General theory of MDPs:
Basic concepts of Markov Decision Processes (MDPs), main types such, as stochastic shortest path, total discounted and average (ergodic) cost problems. Control policies, value functions, Bellman operators and their core properties, monotonicity, contraction, optimality equations, greedy policies and approximation possibilities. Existence and properties of optimal control policies.
Standard RL methods for MDPs:
Main solution directions of MDPs: iterative approximations of value functions (e.g., value iteration, Q-learning, SARSA); direct search in the space of policies (e.g., policy iteration, policy gradient); linear programming formulation, complexity. Generalizations: unbounded costs, partial observability.
Temporal difference (TD) learning based policy evaluations: Monte Carlo methods, eligibility traces, TD(0), TD(1) and TD(lambda): online, offline, first-visit, every-visit variants, convergence theorems, optimistic policy improvements.
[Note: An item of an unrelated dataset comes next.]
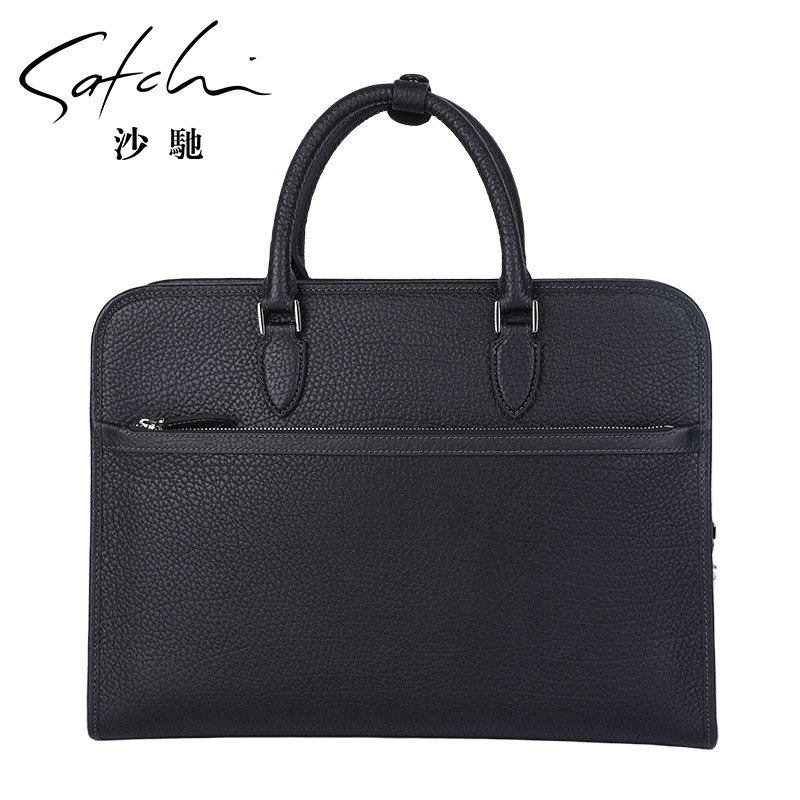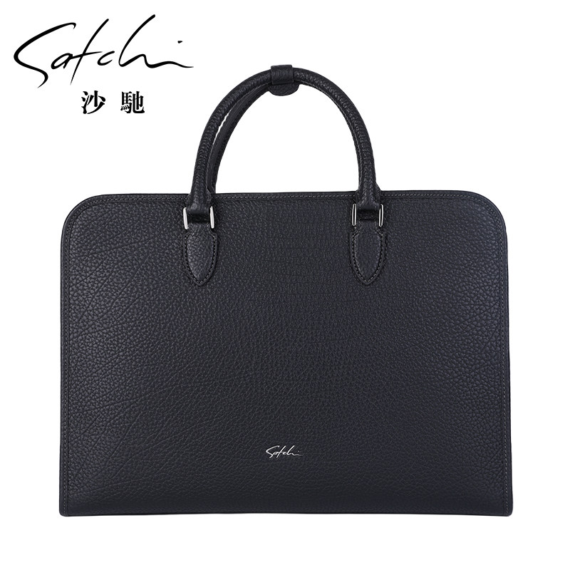 沙驰真皮男包新款密码锁公文包时尚百搭横款商务手提包牛皮商务包

Examples, like Q-learning for SSPs. Off-policy policy evaluations.
Small-sample theory for RL:
Multi-armed bandit problems, exploration-vs-exploitation, regret, Hannan consistency, canonical bandit model, subgaussian bandits, explore-then-commit algorithm, upper confidence bound (UCB) algorithm, the optimism principle, regret bounds for UCB, asymptotic optimality of UCB, contextual bandits, stochastic linear bandits, confidence regions for bandit problems, online confidence sets.
Large-sample theory for RL:
General adaptive algorithms and stochastic approximation (SA), fixed point and root finding problems. Examples of classical SA algorithms with analogous methods in RL: Robbins-Monro (e.g., Q-learning), Kiefer-Wolfowitz (e.g., policy gradient), SPSA (simultaneous perturbation stochastic approximation), stochastic gradient descent (SGD) and its acceleration methods (e.g., momentum).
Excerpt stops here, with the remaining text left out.